Defines functions ctrLoadQueryIntoDb

Documented in ctrLoadQueryIntoDb

### ctrdata package

#' Load and store register trial information
#'
#' Retrieves information on clinical trials from registers
#' and stores it in a collection in a database. Main function
#' of \link{ctrdata} for accessing registers.
#' A collection can store trial information from different queries
#' or different registers. Query details are stored in the
#' collection and can be accessed using \link{dbQueryHistory}.
#' A previous query can be re-run, which replaces or adds trial
#' records while keeping any user annotations of trial records.
#'
#' @param queryterm Either a string with the full URL of a search
#' query in a register, or the data frame returned by the
#' \link{ctrGetQueryUrl} or the
#' \link{dbQueryHistory} functions, or, together with parameter
#' \code{register}, a string with query elements of a search URL.
#' The query details are recorded in the \code{collection} for
#' later use to update records.
#' For "CTIS", \code{queryterm} can be an empty string to obtain
#' all trial records.
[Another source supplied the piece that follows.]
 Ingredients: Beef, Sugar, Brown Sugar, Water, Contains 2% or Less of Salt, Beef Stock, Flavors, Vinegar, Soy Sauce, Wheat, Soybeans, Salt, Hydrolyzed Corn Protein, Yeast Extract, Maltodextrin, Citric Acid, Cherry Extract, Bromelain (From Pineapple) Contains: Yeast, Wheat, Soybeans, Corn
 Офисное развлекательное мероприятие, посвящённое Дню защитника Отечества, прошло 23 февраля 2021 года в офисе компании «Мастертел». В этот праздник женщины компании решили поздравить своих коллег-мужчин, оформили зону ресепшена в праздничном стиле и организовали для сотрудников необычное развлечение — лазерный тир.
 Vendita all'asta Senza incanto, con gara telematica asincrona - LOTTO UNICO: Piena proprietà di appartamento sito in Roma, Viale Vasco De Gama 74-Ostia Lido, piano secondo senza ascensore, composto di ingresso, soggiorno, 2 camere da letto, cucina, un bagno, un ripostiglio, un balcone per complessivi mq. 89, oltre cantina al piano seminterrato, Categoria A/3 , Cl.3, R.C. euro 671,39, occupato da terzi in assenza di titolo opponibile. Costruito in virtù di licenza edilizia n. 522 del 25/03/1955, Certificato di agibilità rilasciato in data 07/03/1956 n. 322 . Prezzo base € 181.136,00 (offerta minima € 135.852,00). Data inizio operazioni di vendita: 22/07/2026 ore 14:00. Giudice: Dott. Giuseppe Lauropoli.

For automatically copying the user's
#' query of a register in a web browser to the clipboard, see
#' \ifelse{latex}{\out{\href{https://github.com/rfhb/ctrdata\#3-script-to-automatically-copy-users-query-from-web-browser}{here}}}{\href{https://github.com/rfhb/ctrdata#3-script-to-automatically-copy-users-query-from-web-browser}{here}}
#'
#' @param register String with abbreviation of register to query,
#' either "EUCTR", "CTGOV", "ISRCTN" or "CTIS". Not needed
#' if \code{queryterm} provides a full URL to query results.
#'
#' @param querytoupdate Either the word "last", or the row number of
#' a query in the data frame returned by \link{dbQueryHistory} that
#' should be run to retrieve any new or update trial records since
#' this query was run the last time.
#' This parameter takes precedence over \code{queryterm}.
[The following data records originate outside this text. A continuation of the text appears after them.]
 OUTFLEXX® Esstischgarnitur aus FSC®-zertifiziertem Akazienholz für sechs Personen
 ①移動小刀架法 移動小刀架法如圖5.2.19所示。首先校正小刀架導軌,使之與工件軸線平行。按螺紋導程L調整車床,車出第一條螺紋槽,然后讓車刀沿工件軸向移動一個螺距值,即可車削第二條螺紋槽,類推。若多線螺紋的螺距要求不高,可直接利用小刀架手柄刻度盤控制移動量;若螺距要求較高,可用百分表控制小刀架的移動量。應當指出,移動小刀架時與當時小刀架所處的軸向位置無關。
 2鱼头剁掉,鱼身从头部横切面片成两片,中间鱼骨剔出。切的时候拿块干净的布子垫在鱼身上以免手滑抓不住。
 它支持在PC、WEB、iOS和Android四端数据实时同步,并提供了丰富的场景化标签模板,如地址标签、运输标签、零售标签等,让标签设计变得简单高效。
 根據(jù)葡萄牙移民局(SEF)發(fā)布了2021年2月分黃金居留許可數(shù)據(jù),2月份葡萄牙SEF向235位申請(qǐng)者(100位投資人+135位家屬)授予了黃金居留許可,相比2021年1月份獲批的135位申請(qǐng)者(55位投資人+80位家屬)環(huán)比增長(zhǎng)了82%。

#' For "EUCTR", updates are available only for the last seven days;
#' the query is run again if more time has passed since it was
#' run last.
#' Does not work with "CTIS" at this time.
#'
#' @param forcetoupdate If \code{TRUE}, run again the query
#' given in \code{querytoupdate}, irrespective of when it was
#' run last. Default is \code{FALSE}.
#'
#' @param documents.path If this is a relative or absolute
#' path to a directory that exists or can be created,
#' save any documents into it that are directly available from
#' the register ("EUCTR", "CTGOV", "CTGOV2", "ISRCTN", "CTIS")
#' such as PDFs on results, analysis plans, spreadsheets,
#' patient information sheets, assessments or product information.
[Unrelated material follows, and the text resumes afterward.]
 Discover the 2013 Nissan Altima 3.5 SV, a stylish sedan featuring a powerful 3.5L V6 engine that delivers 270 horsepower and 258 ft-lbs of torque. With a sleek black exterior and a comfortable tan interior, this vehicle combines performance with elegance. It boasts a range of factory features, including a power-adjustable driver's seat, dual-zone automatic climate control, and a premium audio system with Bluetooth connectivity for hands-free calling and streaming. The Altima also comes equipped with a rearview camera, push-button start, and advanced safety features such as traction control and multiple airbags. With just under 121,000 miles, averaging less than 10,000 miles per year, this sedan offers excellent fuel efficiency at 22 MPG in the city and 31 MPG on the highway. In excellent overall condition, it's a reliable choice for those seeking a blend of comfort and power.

#' Default is \code{NULL}, which disables saving documents.
#'
#' @param documents.regexp Regular expression, case insensitive,
#' to select documents, if saving documents is requested
#' (see \code{documents.path}).
#' If set to \code{NULL}, empty placeholder files are saved for
#' every document that could be saved. Default is
#' \code{"prot|sample|statist|sap_|p1ar|p2ars|ctalett|lay|^[0-9]+ "}.
#' Used with "CTGOV", "CTGOV2", "ISRCTN" and "CTIS" (but not "EUCTR",
#' for which all available documents are saved in any case).
#'
#' @param euctrresults If \code{TRUE}, also download available
#' results when retrieving and loading trials from EUCTR. This
#' slows down this function. (For "CTGOV", "CTGOV2" and "CTIS",
#' all available results are always retrieved and loaded into the
#' collection.)
#'
#' @param euctrresultshistory If \code{TRUE}, also download
#' available history of results publication in "EUCTR."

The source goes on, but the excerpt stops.